:: Task to carry out ::
Without the pictures, write out all the lines below exactly as they appear.

:: Study material ::
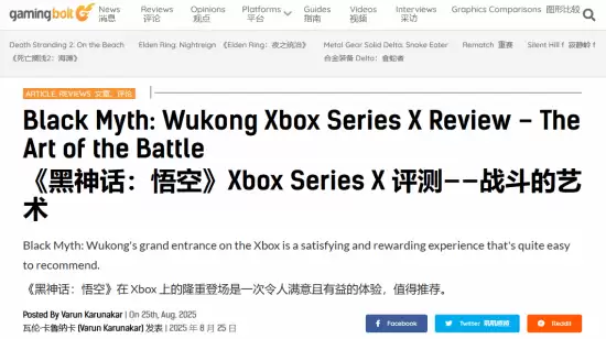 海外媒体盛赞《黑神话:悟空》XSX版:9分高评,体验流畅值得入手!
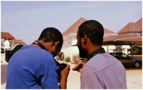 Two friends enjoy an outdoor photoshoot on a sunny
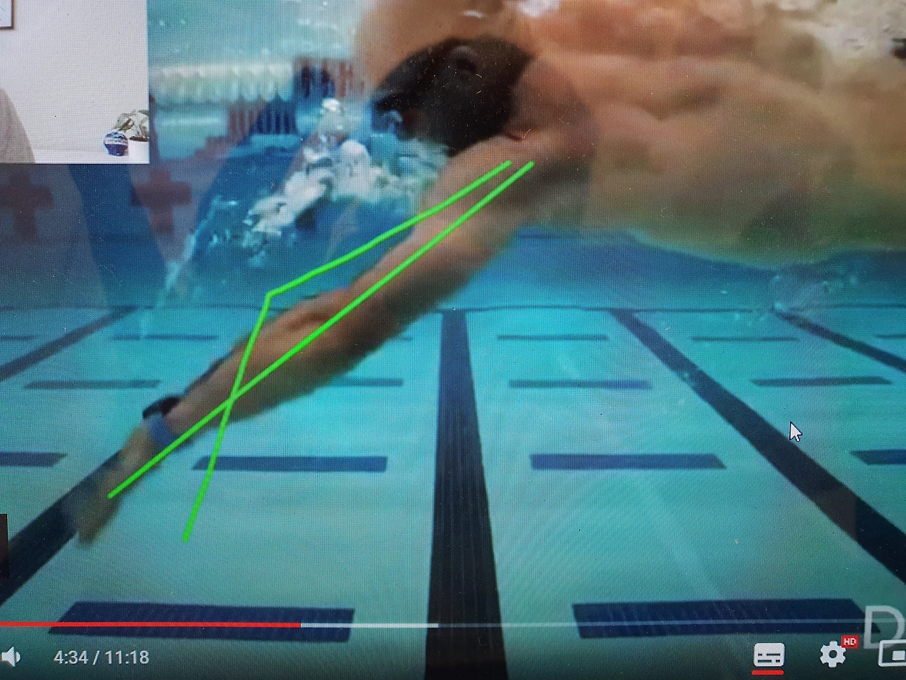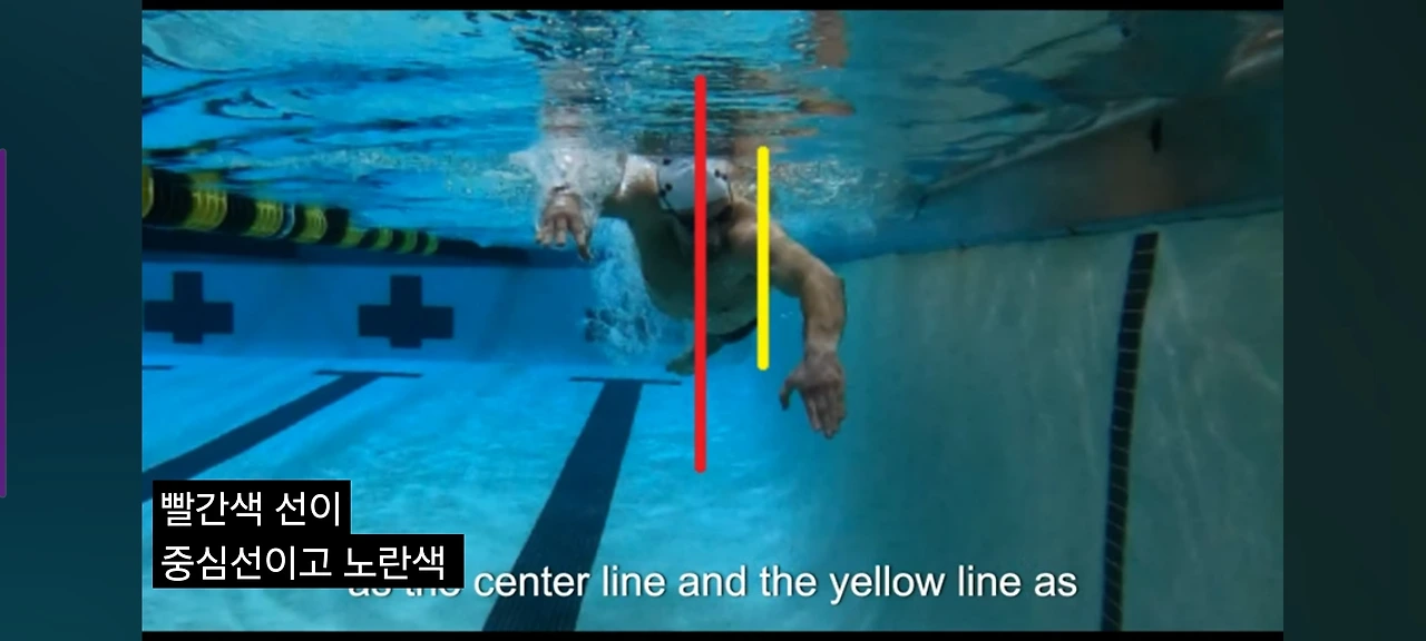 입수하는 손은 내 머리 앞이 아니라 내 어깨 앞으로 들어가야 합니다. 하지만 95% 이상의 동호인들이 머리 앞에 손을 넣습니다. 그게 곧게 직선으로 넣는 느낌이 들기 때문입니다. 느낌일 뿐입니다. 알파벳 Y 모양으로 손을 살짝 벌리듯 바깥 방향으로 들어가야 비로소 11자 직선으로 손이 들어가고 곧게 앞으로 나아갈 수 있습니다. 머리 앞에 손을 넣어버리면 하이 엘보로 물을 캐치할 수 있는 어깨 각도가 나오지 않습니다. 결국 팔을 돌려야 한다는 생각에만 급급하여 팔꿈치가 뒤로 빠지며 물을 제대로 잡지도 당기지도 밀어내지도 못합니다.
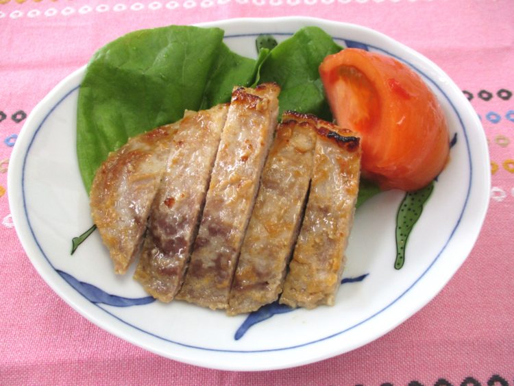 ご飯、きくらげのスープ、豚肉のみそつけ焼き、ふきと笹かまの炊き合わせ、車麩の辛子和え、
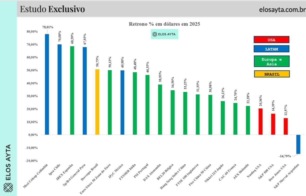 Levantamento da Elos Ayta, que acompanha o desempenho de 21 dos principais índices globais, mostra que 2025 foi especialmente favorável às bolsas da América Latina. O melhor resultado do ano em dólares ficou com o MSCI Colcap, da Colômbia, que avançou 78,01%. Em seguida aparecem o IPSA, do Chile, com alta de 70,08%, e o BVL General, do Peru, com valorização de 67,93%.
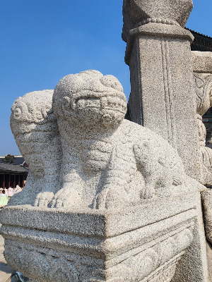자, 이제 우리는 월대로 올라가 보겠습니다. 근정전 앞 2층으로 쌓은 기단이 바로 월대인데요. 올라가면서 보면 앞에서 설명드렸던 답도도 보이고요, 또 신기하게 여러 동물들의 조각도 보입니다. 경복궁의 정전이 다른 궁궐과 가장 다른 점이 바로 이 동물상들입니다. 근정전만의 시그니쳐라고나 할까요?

:: Task output ::
 海外媒体盛赞《黑神话:悟空》XSX版:9分高评,体验流畅值得入手!
 Two friends enjoy an outdoor photoshoot on a sunny
 입수하는 손은 내 머리 앞이 아니라 내 어깨 앞으로 들어가야 합니다. 하지만 95% 이상의 동호인들이 머리 앞에 손을 넣습니다. 그게 곧게 직선으로 넣는 느낌이 들기 때문입니다. 느낌일 뿐입니다. 알파벳 Y 모양으로 손을 살짝 벌리듯 바깥 방향으로 들어가야 비로소 11자 직선으로 손이 들어가고 곧게 앞으로 나아갈 수 있습니다. 머리 앞에 손을 넣어버리면 하이 엘보로 물을 캐치할 수 있는 어깨 각도가 나오지 않습니다. 결국 팔을 돌려야 한다는 생각에만 급급하여 팔꿈치가 뒤로 빠지며 물을 제대로 잡지도 당기지도 밀어내지도 못합니다.
 ご飯、きくらげのスープ、豚肉のみそつけ焼き、ふきと笹かまの炊き合わせ、車麩の辛子和え、
 Levantamento da Elos Ayta, que acompanha o desempenho de 21 dos principais índices globais, mostra que 2025 foi especialmente favorável às bolsas da América Latina. O melhor resultado do ano em dólares ficou com o MSCI Colcap, da Colômbia, que avançou 78,01%. Em seguida aparecem o IPSA, do Chile, com alta de 70,08%, e o BVL General, do Peru, com valorização de 67,93%.
자, 이제 우리는 월대로 올라가 보겠습니다. 근정전 앞 2층으로 쌓은 기단이 바로 월대인데요. 올라가면서 보면 앞에서 설명드렸던 답도도 보이고요, 또 신기하게 여러 동물들의 조각도 보입니다. 경복궁의 정전이 다른 궁궐과 가장 다른 점이 바로 이 동물상들입니다. 근정전만의 시그니쳐라고나 할까요?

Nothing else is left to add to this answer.